§ Your assignment:
Output the run of lines that opens with the first line of the material below and closes with the line containing "Das Foto gehört", both included, and drop the pictures.

§ Collected material:
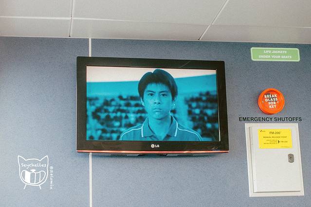 准点出发,船舱里居然还播放起了周星驰的《功夫足球》…
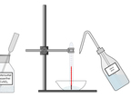 Das Foto gehört zur Serie "Experimente Chemie". Es zeigt den Aufbau eines Experiments mit Stativfuß, Stativklemme und Einhals-Rundkolben. Das Bild ist unter CC0 lizenziert und kann somit frei verwendet werden.
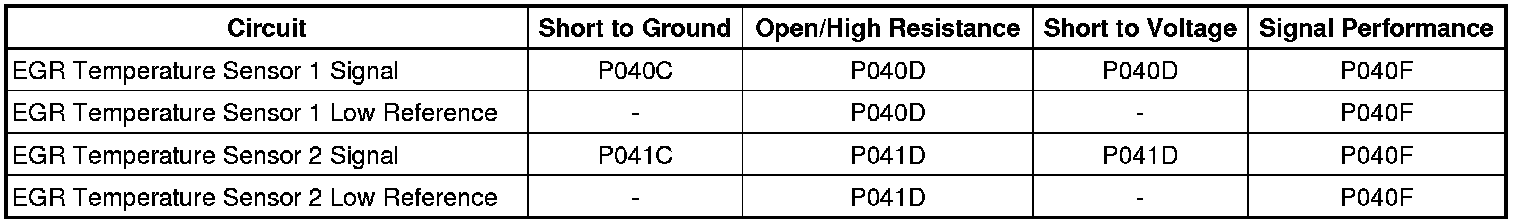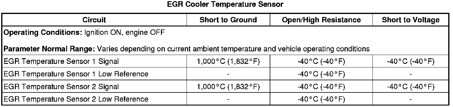 * EGR temperature sensors may fail while operating under extreme temperatures. Review the Freeze Frame/Failure Records to verify the failure criteria.

§ Output below:
 准点出发,船舱里居然还播放起了周星驰的《功夫足球》…
 Das Foto gehört zur Serie "Experimente Chemie". Es zeigt den Aufbau eines Experiments mit Stativfuß, Stativklemme und Einhals-Rundkolben. Das Bild ist unter CC0 lizenziert und kann somit frei verwendet werden.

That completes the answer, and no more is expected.